Work request: Using the listing below, output only the lines from the one that contains "Flaminia App Bidet" through the one that contains "Κατά τη διάρκεια", inclusive, exactly as given and without images.
*-*-*
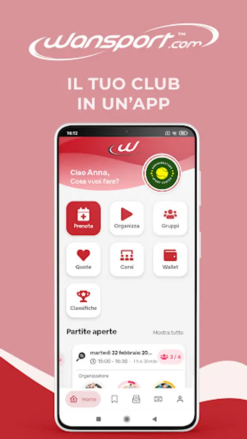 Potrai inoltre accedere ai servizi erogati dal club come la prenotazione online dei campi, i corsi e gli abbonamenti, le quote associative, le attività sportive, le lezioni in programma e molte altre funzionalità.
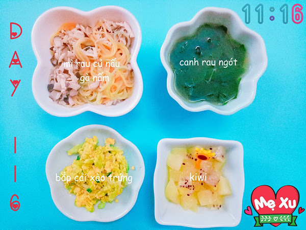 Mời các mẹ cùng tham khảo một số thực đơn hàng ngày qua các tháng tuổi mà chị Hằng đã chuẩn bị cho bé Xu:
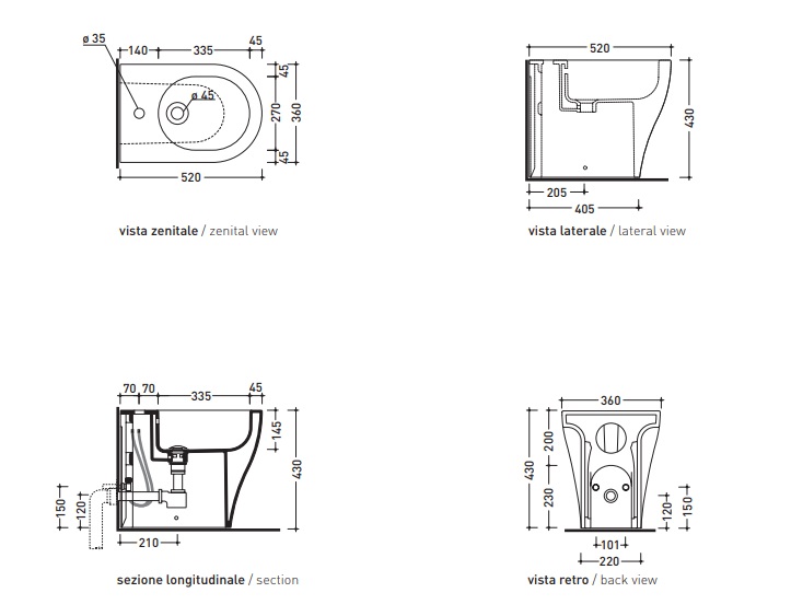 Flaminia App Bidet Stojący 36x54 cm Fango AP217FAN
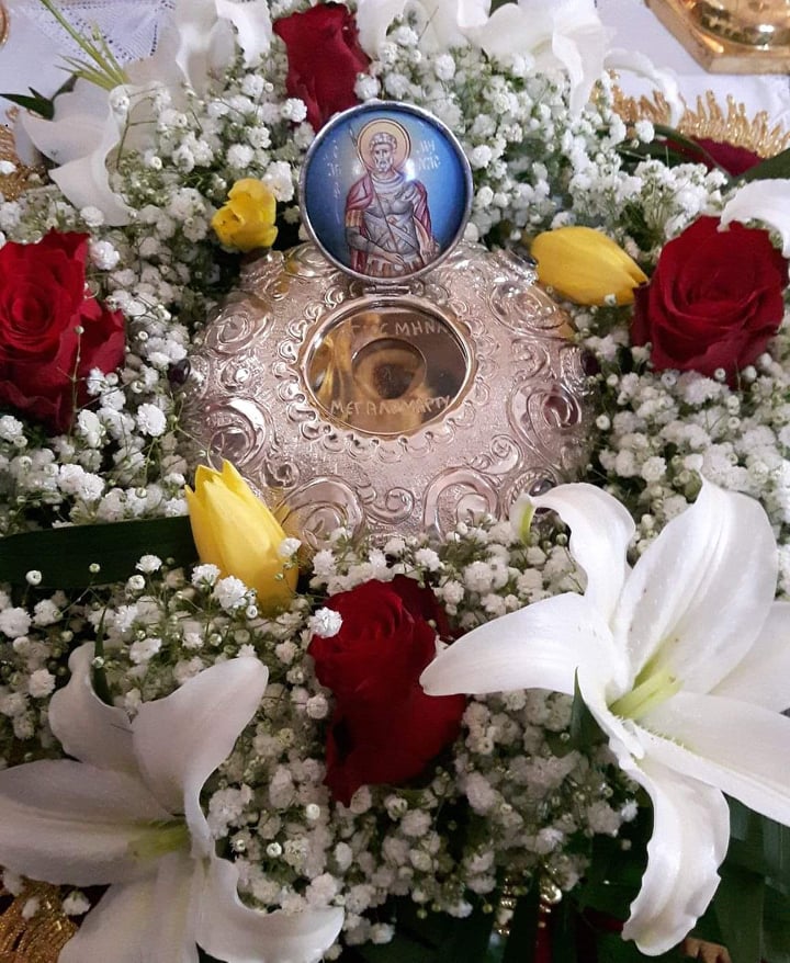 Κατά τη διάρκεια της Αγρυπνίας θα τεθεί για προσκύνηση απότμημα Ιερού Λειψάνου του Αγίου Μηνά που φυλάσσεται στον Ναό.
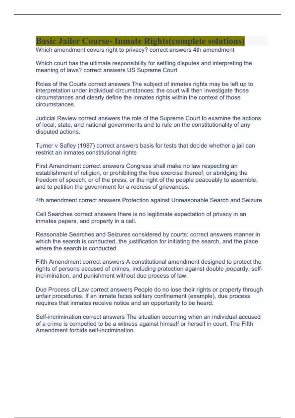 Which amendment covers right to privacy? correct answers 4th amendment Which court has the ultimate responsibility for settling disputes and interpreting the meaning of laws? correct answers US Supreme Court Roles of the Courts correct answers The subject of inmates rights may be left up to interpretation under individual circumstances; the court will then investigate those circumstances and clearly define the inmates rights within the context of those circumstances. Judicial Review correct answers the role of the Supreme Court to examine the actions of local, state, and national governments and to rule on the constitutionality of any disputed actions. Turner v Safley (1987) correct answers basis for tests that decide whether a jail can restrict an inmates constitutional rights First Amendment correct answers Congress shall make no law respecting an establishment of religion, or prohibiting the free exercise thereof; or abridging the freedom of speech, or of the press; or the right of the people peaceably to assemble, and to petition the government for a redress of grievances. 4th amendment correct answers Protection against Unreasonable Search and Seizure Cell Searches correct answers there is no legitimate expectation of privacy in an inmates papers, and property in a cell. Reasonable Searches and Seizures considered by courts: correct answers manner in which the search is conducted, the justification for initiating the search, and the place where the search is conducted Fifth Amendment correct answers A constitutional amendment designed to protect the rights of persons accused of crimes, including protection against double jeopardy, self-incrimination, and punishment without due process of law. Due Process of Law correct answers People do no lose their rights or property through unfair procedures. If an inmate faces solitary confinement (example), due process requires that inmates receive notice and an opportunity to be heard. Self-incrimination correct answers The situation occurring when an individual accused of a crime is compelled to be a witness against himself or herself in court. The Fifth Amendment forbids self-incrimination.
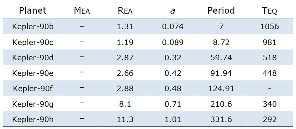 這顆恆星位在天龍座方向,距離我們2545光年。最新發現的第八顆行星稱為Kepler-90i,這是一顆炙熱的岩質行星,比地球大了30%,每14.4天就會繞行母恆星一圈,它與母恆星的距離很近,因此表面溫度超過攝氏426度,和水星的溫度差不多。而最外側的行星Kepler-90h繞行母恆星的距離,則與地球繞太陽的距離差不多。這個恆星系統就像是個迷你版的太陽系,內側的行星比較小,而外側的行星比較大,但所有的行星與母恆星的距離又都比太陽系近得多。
*-*-*
Expected output:
 Flaminia App Bidet Stojący 36x54 cm Fango AP217FAN
 Κατά τη διάρκεια της Αγρυπνίας θα τεθεί για προσκύνηση απότμημα Ιερού Λειψάνου του Αγίου Μηνά που φυλάσσεται στον Ναό.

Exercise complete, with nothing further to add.